- The paper introduces DySQL-Bench, a benchmark that evaluates multi-turn, dynamic SQL interactions for improved database query handling.
- It employs an automated two-stage task synthesis pipeline that guarantees task correctness and supports diverse CRUD operations.
- Experimental results reveal significant challenges, including performance degradation and hallucination issues, emphasizing the need for better contextual reasoning.
Rethinking Text-to-SQL: Dynamic Multi-turn SQL Interaction for Real-world Database Exploration
Abstract
The paper "Rethinking Text-to-SQL: Dynamic Multi-turn SQL Interaction for Real-world Database Exploration" (2510.26495) addresses a critical gap in Text-to-SQL research: the inadequacy of static, single-turn models in handling dynamic, real-world applications where user queries evolve over multiple turns. To address this, the authors introduce DySQL-Bench, an innovative benchmark designed to evaluate models under dynamic user interactions. The benchmark employs an automated two-stage pipeline that synthesizes and verifies tasks, transforming raw database tables into structured trees for LLMs to generate diverse evaluation tasks. Furthermore, the paper proposes a multi-turn dynamic evaluation framework involving interaction among a simulated user, the model, and an executable database system.
Figure 1: Overview of interaction types between user, LLM agent, and database. From left to right: (a) direct Text-to-SQL execution, (b) iterative reasoning within a single query (ReAct), and (c) our approach enabling multi-step, multi-turn contextual execution.
Introduction
SQL is fundamental in data-driven domains like customer service and financial analytics, where user interactions unfold as multi-turn dialogues due to incomplete objectives or evolving requirements. Existing benchmarks like Spider and BIRD focus on single-turn tasks, neglecting the dynamic nature of real-world interaction. DySQL-Bench addresses these gaps by integrating databases from diverse domains, employing automated synthesis and expert verification to ensure correctness and relevance.
DySQL-Bench's Contributions:
- Dynamic Multi-turn Interaction: Evaluates models in evolving scenarios necessitating multi-turn reasoning.
- Two-Stage Task Synthesis: Automates task creation, ensuring 100% correctness through rigorous validation.
- Comprehensive CRUD Operations: Covers the full spectrum of Create, Read, Update, Delete operations, reflecting real-world demands.
Figure 2: Task Generation Pipeline. Based on 13 databases from Spider 2 and BIRD, we designed a two-stage DynSQL-Bench task synthesis method. In the first stage, an LLM generates initial tasks. In the second stage, a filtering mechanism selects high-quality tasks.
Methodology
Task Definition
DySQL-Bench defines a multi-turn Text-to-SQL task where an LLM-simulated user interacts with a SQL model, generating actions that manipulate the database state. Task success is determined by matching the model-generated states with expert-verified golden states using a consistent hashing mechanism.
Multi-turn DB Tasks Generation
The benchmark employs databases from BIRD and Spider2, transforming relational schemas into hierarchical JSON structures for efficient task generation. The tasks cover varied domains, emphasizing complex CRUD operations beyond static SELECT queries. A multi-stage pipeline ensures high-quality task generation, employing validation committees and human oversight for robust data quality.
Evaluation Framework
DySQL-Bench's evaluation framework simulates real-world interactions, assessing models on task reformulation, adaptability, and error recovery in dynamic settings. Models are evaluated using metrics like Passk, reflecting multi-turn interaction stability and efficacy in maintaining consistent dialogue state over trials.
Experimental Results
Evaluations reveal that existing models exhibit significant performance degradation with increased trials, emphasizing the need for stability in dynamic interactions. Even advanced models like GPT-4o achieve only 58.34% accuracy and 23.81% on the Pass5 metric, highlighting challenges in multi-turn SQL reasoning.

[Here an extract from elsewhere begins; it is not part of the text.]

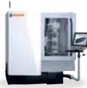
VOLLMER VGRIND 160

Whoever wants to shape the future will need forward-looking rotary tools – and intelligent solutions for their production, processing and maintenance. VOLLMER supports you: with innovative sharpening and eroding machines to suit virtually every requirement. With economical automation options and strong services. For the highest possible flexibility, efficiency and quality of results. The future takes shape: with precision from VOLLMER.

Figure 3: Schematic diagram of dynamic multi-turn interactions among the three roles of User, Agent, and Database.
Hallucination Challenge
Hallucinations remain a critical issue, where models fabricate results post-SQL execution, leading to inaccuracies. DeepSeek-V3 and OmniSQL-32B display the highest hallucination rates, attributed to procedural reasoning patterns, necessitating improved contextual understanding and execution accuracy.
Figure 4: Comparison of hallucination rates across different models.
Conclusion
DySQL-Bench establishes a new standard for evaluating interactive database query systems, aligning benchmark design with real-world dynamic interaction demands. By facilitating detailed assessment of LLMs in complex, evolving scenarios, DySQL-Bench offers a robust foundation for advancing multi-turn conversational intelligence in database exploration.
Figure 5: An example of a hallucination produced by the DeepSeek-V3 model. The model fabricated a BowlerID of 14, whereas the actual BowlerID should be 8, demonstrating a hallucination case.